Имеется в виду не загрязнённый воздух,
то есть не air pollution,
а процесс дыхания как таковой,
запущенный с первым ветхозаветным вдохом:
регулярное сокращенье дыхательных мышц;
набуханье гроздей винограда
в тайниках прозрачной под лучами рентгена
грудной клетки;
щедрое кислородное насыщение артериального кровотока,
механизм аэробного окисления тканевых клеток.
Каждый вдох ведёт нас, –
заключили учёные в своём научном отчёте, –
на шаг ближе к смерти;
каждый выдох –
это ещё один шаг в том же самом направлении.
Если бы человек отказался от вредной привычки дышать,
он был бы вечен.
Такого же мнения придерживаются их коллеги
из Утрехтского университета (Нидерланды):
Het leven brengt u
en anderen
rondom u ernstige
schade toe.
Het leven is dodelijk.
Uw arts of uw
apotheker
kan u helpen
te stoppen
met leven.*
СЕМЯ
Но, в сумраке старея,
Горбаты, узловаты и дики,
В меня кидают ржавые евреи
Обросшие щетиной кулаки.
в темноте, в глухоте, в похабени –
словом, были условия те,
при каких пробуждается гений.
Вон Спаситель: родился в яслях,
где лишь иней махрился в щелях.
да ослицы дрожали в соплях.
То есть – слёзы, и свары, и срам,
и морковки плешивая грядка –
катапультой сработали там
в пустоту, но иного порядка.
Прикасаясь устами к устам,
отвратил меня кровный бедлам,
чтобы впредь – неповадно ногам.
Долго я согревалась во льду,
словно устрица перед банкетом,
добавляя для понта звезду
кабакам с негритянским балетом,
здравый смысл поправ на корню.
И кипела сисястая ню:
моё имя синело в меню.
После – звёзды голландских глициний
забивал сорняками Рунет,
и я буквы крала из латыни,
на замок заперев кабинет.
И с кувшином (долблёною дыней)
за водой отправлялась в пустыню,
где мне в кайф миражи и поныне.
А на старте – лишь пар от помоев,
вечер, кладбище старческих лиц,
но зато я в затёртых обоях
зрила лики невиданных птиц.
И олени брели к водопою,
прячась в коврике, что надо мною
их спасал домотканой ценою.
Но, сначала, девчонкой в Сезаме,
погибала зазря красота,
льнули к дауну финские сани,
и в нокдаун вела немота.
Дифтерит, синяки под глазам…
Цыц, Багрицкий!

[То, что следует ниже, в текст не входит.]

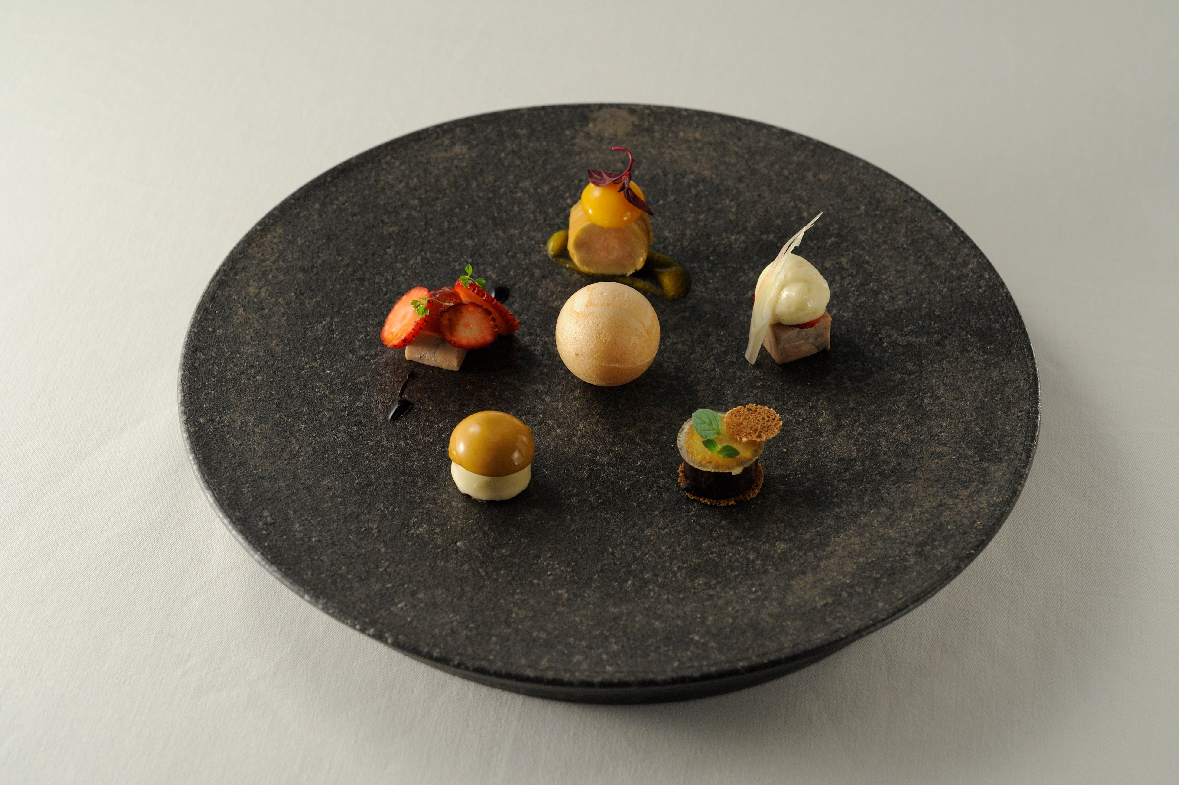 日本各地の風土で育まれた力強い食材を中心とし、“四季折々を彩る和”、”組み合わせの調和“、”味わいの和み”を根幹としてビジュアル、五味、五感、食材の時間軸(フレッシュ、加熱、発酵、熟成)を意識し、目の前で繰り出される瞬間的な美味しさと奥行を感じる緻密な料理、”凝縮と旨味”をテーマに伝統と現代を感じるイノベーティブフレンチをお楽しみいただきます。

Мы сами с усами –
идиш, вши, нищета.
ПУТЬ
(Я ВЕРНУЛАСЬ В МОЙ ГОРОД)
питерская песенка
Плывёт хозяйкой чайка-пташечка
на отшвартованном борту.
На мне тельняшечка-рубашечка
и зубы белые во рту.
Ох, паруса мои, обновочки!
Бурлит шампанское в реке.
На сердце сплошь татуировочки –
Все на нерусском языке.
– К чему – музычка подзаборная,
блатняцкий лагерный стилёк?
– Так ведь загробье забугорное –
за Стиксом, чуть наискосок…
Ох, паруса мои, обновочки!
Бурлит шампанское в реке.
На сердце сплошь татуировочки –
Все на нерусском языке.
Подельнички, мир праху вашему!
Кому спасибо ввек должна,
свой лоб рассаживая заживо? –
За всех вернулась я одна.
Ох, паруса мои, обновочки!
Бурлит шампанское в реке.
На сердце сплошь татуировочки –
Все на нерусском языке.
А триколорную полосочку
полощет по ветру флагшток…
Невы свинцовую причёсочку
целую в каждый завиток…
Ох, паруса мои, обновочки!
Бурлит шампанское в реке.
На сердце сплошь татуировочки –
Все на нерусском языке.
October, 2009
* Жизнь приводит вас и окружающих к серьёзным повреждениям. Жизнь смертельна. Ваш домашний врач или аптекарь могут помочь вам освободиться от этой вредной привычки. (Чуть изменённая надпись на сигаретной пачке. — Автор.)